Possible mitigation approach applied to 54 treatment fields. Left: treatment fields divided into 3 risk groups, as described in the text. Right: treatment fields simulated with increased monitor units (high risk +4%, intermediate risk +3%, low risk +2%).

As the effects described in this publication are not the only weakness of current analytical algorithms (22, 23), the authors advocate the incorporation of MC algorithms into treatment planning. Monte Carlo algorithms have been the gold-standard for proton therapy dose calculation for decades (24), and the latest developments have shown promising results in terms of speed (25).

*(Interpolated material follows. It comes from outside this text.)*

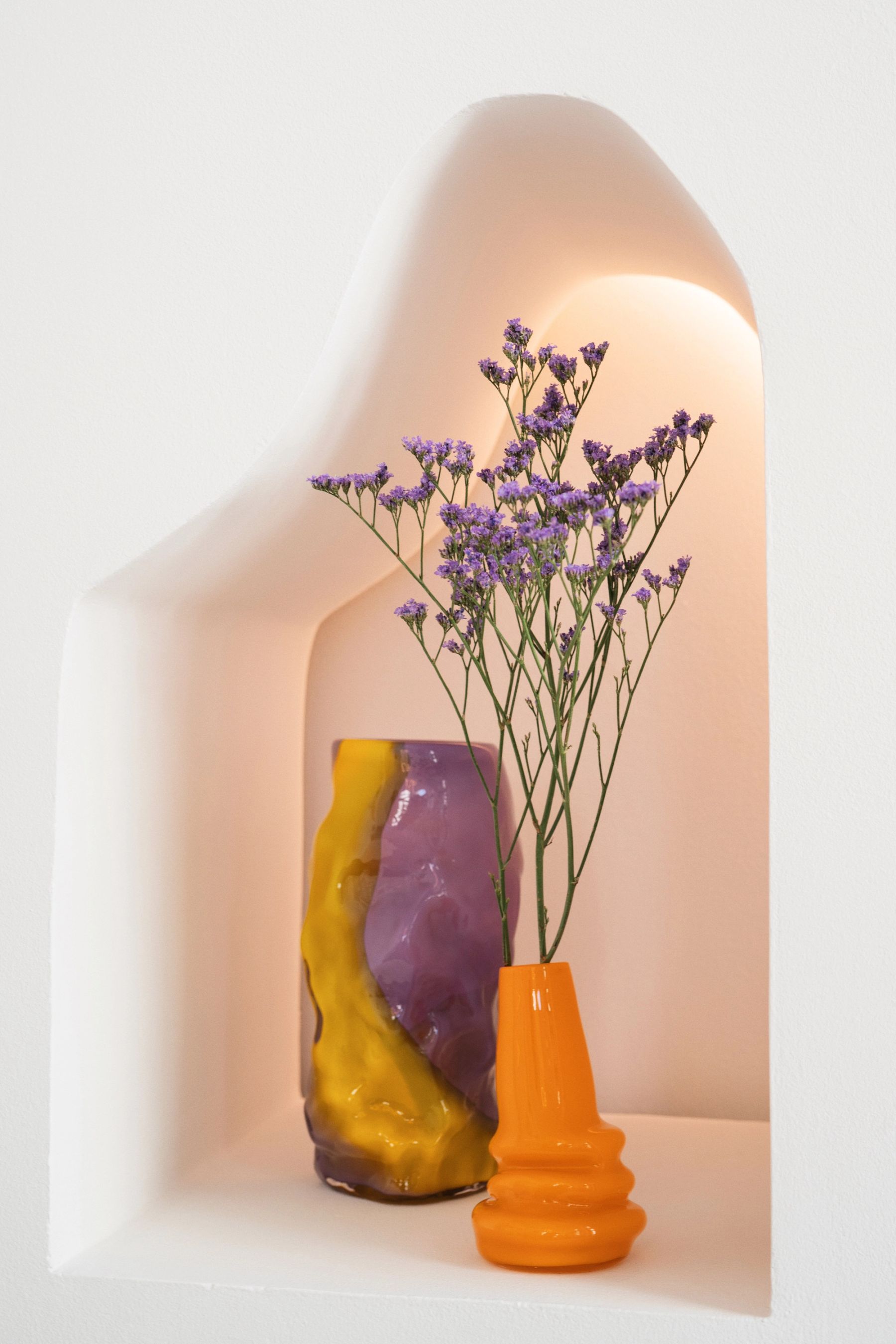 Her approach to glass processing, whether for functional objects or art installations, is known to be experimental and unorthodox. Crumpled forms which appear to decompose and collapse in front of our eyes are among the elements which characterize her artistic work.

Though we studied the problem only for passively scattered proton therapy, the observed effect is a consequence of the shortcomings of current analytical algorithms, variants of which are employed by most clinical TPS. Therefore similar effects will likely be observed for active scanning proton therapy, which relies on these algorithms as well.

Conclusion

It has been demonstrated experimentally that current analytical dose calculation algorithms for protons used in the clinic can overestimate the mean dose to tumors situated in lung by over 5%, and underestimate the dose to the normal lung, especially V5 and V10. We strongly suggest Monte Carlo dose calculation as an integral part of any clinical proton therapy program focused on lung cancer, as there is strong evidence for the potential to reduce margins and increase the accuracy of the relationships between dose and effect, concerning tumor control as well as normal tissue toxicity. This is of ever-increasing importance, as the role of proton therapy in the treatment of lung cancer continues to be evaluated in clinical trials.

Summary.

We report on the assessment of the dose calculation accuracy for lung treatments with proton beams. A clinically used treatment planning system and Monte Carlo algorithm were compared with experiments in a heterogeneous lung phantom. The clinical impact of the differences was analyzed in a cohort of 19 patients. The results demonstrate that the clinical dose calculation algorithm overestimates the dose to the target, particularly if the tumor is small and centrally located.